● TASK DETAILS:
Reproduce the material below only from the line with "Hermes H Reversible" to the line with "从上图可以看到,CSGHub 采用了分层架构设计:在 Builder", both included, keeping each line exact and dropping the pictures.

● DATA TO EXAMINE:
──────────

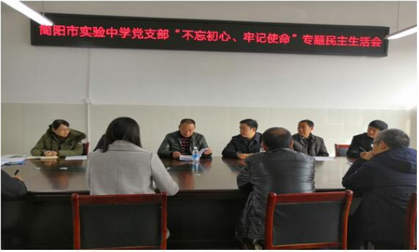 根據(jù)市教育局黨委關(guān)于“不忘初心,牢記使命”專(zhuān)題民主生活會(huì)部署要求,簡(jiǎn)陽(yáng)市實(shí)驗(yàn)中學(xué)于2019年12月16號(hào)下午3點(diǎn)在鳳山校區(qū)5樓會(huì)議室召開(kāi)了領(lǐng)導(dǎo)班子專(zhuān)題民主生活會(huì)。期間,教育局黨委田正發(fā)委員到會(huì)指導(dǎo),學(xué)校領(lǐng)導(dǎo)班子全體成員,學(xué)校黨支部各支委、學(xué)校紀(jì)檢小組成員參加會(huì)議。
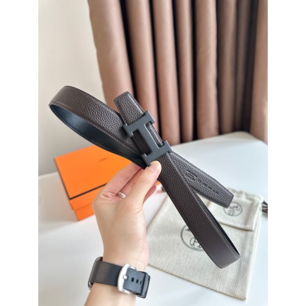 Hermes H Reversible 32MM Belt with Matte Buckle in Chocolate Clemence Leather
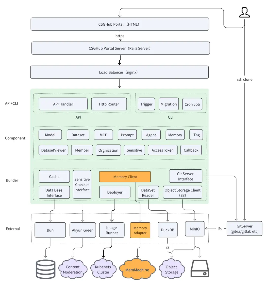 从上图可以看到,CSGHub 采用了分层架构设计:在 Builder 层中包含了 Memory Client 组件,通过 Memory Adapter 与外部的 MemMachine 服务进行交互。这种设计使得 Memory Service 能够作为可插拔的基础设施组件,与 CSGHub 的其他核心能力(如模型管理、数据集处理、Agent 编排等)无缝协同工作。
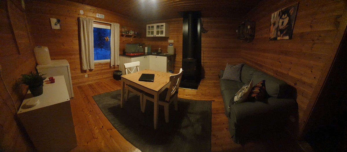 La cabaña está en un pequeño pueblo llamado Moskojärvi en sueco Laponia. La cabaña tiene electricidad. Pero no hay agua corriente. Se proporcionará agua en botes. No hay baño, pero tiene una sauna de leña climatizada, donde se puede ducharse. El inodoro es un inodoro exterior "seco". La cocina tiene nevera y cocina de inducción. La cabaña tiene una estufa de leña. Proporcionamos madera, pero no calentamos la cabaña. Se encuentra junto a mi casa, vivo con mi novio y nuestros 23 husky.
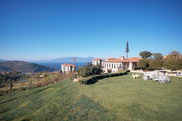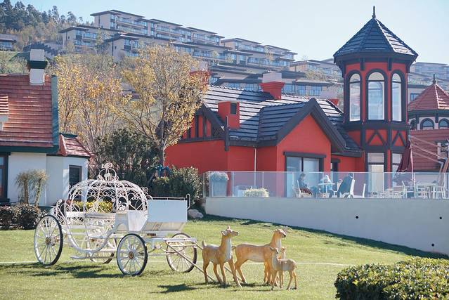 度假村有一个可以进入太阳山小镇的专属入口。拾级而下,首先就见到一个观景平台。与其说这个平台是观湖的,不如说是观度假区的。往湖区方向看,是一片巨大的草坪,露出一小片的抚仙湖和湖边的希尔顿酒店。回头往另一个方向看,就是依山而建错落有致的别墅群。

──────────

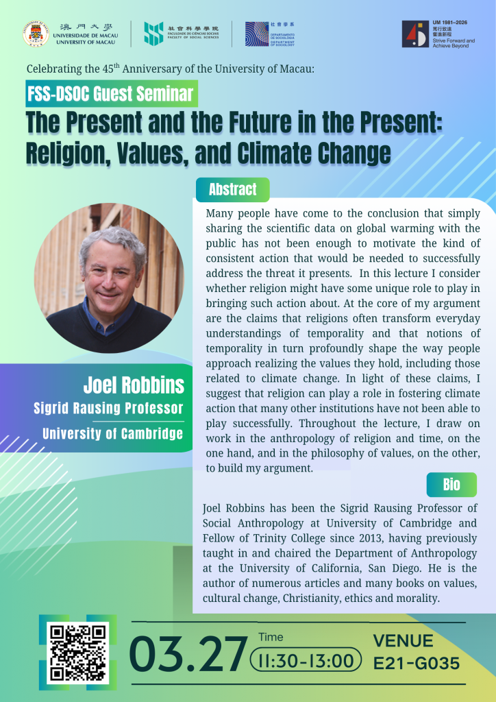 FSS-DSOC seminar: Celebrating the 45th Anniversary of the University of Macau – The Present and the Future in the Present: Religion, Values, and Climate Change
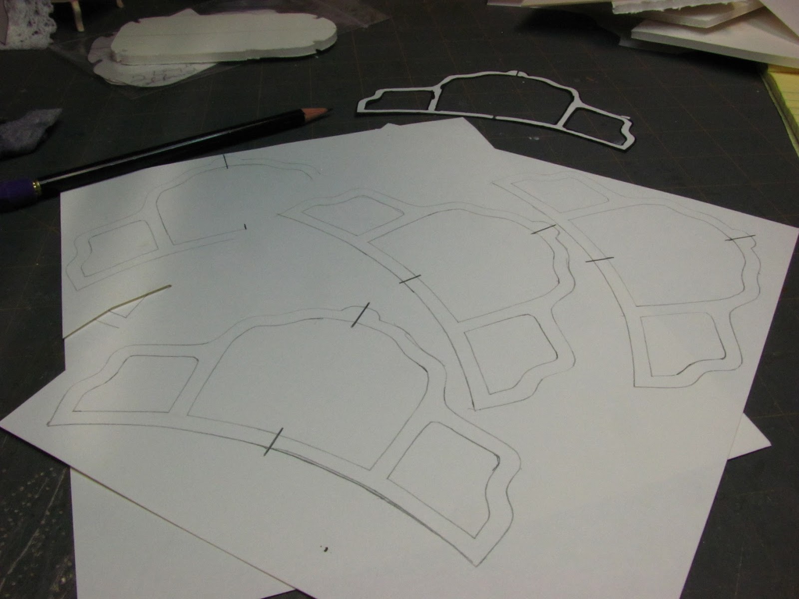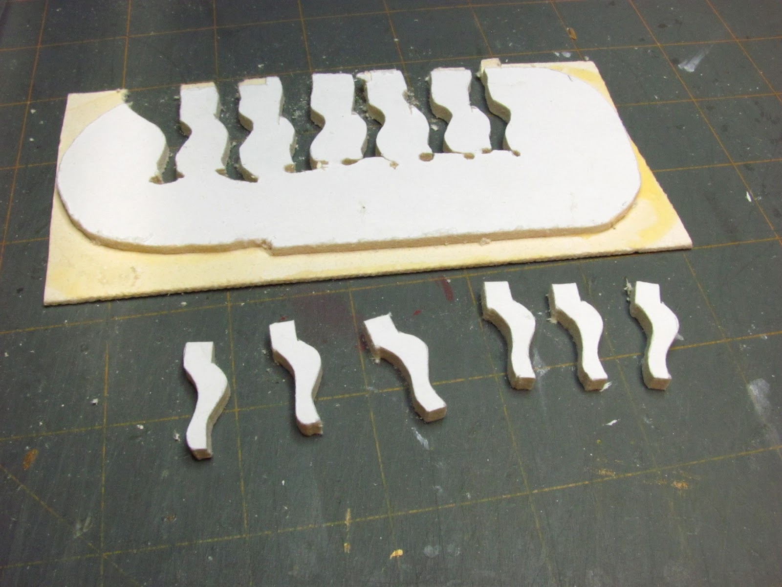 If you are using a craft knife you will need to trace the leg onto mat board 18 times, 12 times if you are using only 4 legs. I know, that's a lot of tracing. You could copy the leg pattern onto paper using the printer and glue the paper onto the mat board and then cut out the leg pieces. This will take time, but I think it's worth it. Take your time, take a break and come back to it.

──────────

● RESPONSE TO THE EXERCISE:
 Hermes H Reversible 32MM Belt with Matte Buckle in Chocolate Clemence Leather
 从上图可以看到,CSGHub 采用了分层架构设计:在 Builder 层中包含了 Memory Client 组件,通过 Memory Adapter 与外部的 MemMachine 服务进行交互。这种设计使得 Memory Service 能够作为可插拔的基础设施组件,与 CSGHub 的其他核心能力(如模型管理、数据集处理、Agent 编排等)无缝协同工作。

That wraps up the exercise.